Gridlock at JKIA: How a 5-Day “Trade Blackout” Cost Kenya Ksh 1 Billion
While the world watches the military maneuvers in Tehran and Tel Aviv, Kenyan exporters are watching their balance sheets bleed. On Wednesday, March 4, 2026, the Kenya Meat Livestock Exporters Industry Council (KEMLEIC) released a chilling update: the disruption of Middle East trade routes has already cost the country Ksh 1 billion in just five days.
What was supposed to be a “gold mine” season—supplying meat for the upcoming Ramadan festivities in the Gulf—has turned into a logistical nightmare of grounded planes and overflowing cold rooms.
1. The “Chiller Crisis”: 200 Tonnes of Meat Stranded
The meat industry is the hardest hit.
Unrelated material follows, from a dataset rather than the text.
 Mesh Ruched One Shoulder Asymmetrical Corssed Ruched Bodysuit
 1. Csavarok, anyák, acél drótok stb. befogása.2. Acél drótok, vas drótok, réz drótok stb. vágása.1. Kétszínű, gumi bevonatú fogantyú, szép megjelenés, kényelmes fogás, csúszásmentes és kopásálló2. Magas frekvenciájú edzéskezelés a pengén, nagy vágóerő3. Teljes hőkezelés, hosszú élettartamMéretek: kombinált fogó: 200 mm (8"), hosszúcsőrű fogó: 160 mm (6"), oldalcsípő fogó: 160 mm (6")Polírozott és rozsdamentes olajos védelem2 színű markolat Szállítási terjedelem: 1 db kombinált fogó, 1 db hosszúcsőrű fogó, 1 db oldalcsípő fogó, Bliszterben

In facilities like Juja International Abattoirs, the silence is deafening.
The Volume: Roughly 130 tonnes of meat normally leave Kenya for the Gulf every day. Since the strikes began on Saturday, February 28, that flow has stopped.
The Stockpile: Over 200 tonnes of premium mutton and beef are currently “stashed” in chillers.
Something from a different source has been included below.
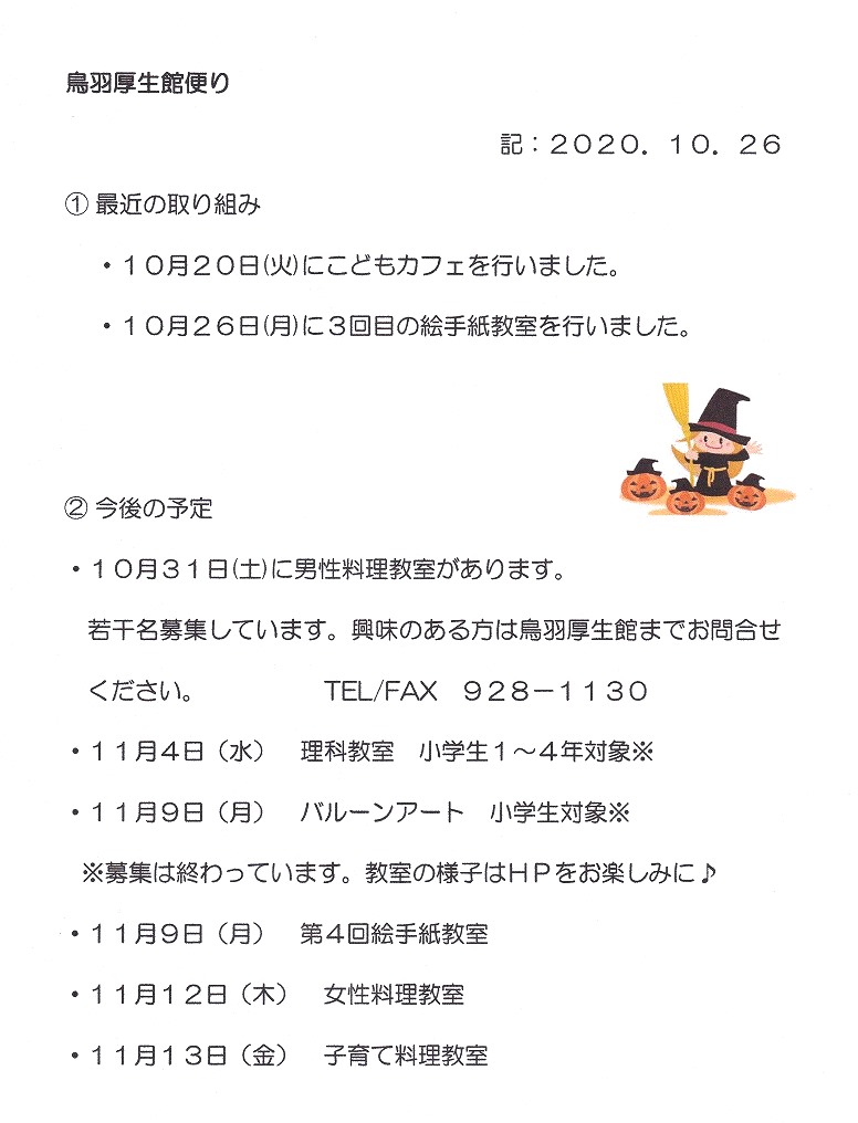 鳥羽厚生館便り「こどもカフェ」「絵手紙教室」

The Quote: “Any meat we slaughtered on Friday and Saturday has not left the country… we are looking at a loss of about Ksh 1 billion for the five days we have not been able to slaughter,” says Nicholus Ngahu, CEO of KEMLEIC.
2. The Tea “Green Gold” is Turning Gray
The conflict has put a massive Ksh 5.6 billion tea supply deal with Iran on ice.
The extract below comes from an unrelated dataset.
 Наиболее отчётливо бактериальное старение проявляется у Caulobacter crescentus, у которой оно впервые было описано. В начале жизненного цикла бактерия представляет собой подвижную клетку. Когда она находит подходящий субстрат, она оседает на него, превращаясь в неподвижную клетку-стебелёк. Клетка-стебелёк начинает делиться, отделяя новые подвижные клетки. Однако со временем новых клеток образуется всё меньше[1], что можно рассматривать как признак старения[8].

Market Access: Iran is a top-ten buyer of Kenyan tea (purchasing 13 million kg in 2024). With the Strait of Hormuz under threat and insurance premiums skyrocketing, shipping lines like CMA CGM have suspended operations to Oman and the wider Middle East.
The Rival Threat: Trade experts warn that if Kenya can’t deliver, buyers in the Gulf may permanently shift to suppliers in India or Sri Lanka, who have different logistical advantages.
3. Logistics: The “Arm and a Leg” Flight
On Wednesday afternoon, a lone cargo plane managed to depart JKIA with 60 tonnes of meat. It was the first successful shipment since Saturday, but it came at a staggering cost.
Tripled Costs: Freight operators are charging “war premiums.” Rerouting around closed airspaces has made air freight prohibitively expensive for most small-to-medium exporters.
Shipping Suspension: Maritime giants have warned of “indefinite” pauses on certain Middle Eastern routes, leaving sea-bound cargo (like frozen products) with nowhere to go.
4. Economic “Double Jeopardy”
The loss isn’t just in exports. As Trade CS Lee Kinyanjui noted, Kenya is facing a “double jeopardy”:
Export Revenue Loss: The Ksh 1 billion hole in the agricultural sector.
Import Cost Surge: A 13% spike in oil prices (from $72 to $82 per barrel) since Friday is driving up the cost of production for the very farmers whose goods are now stranded.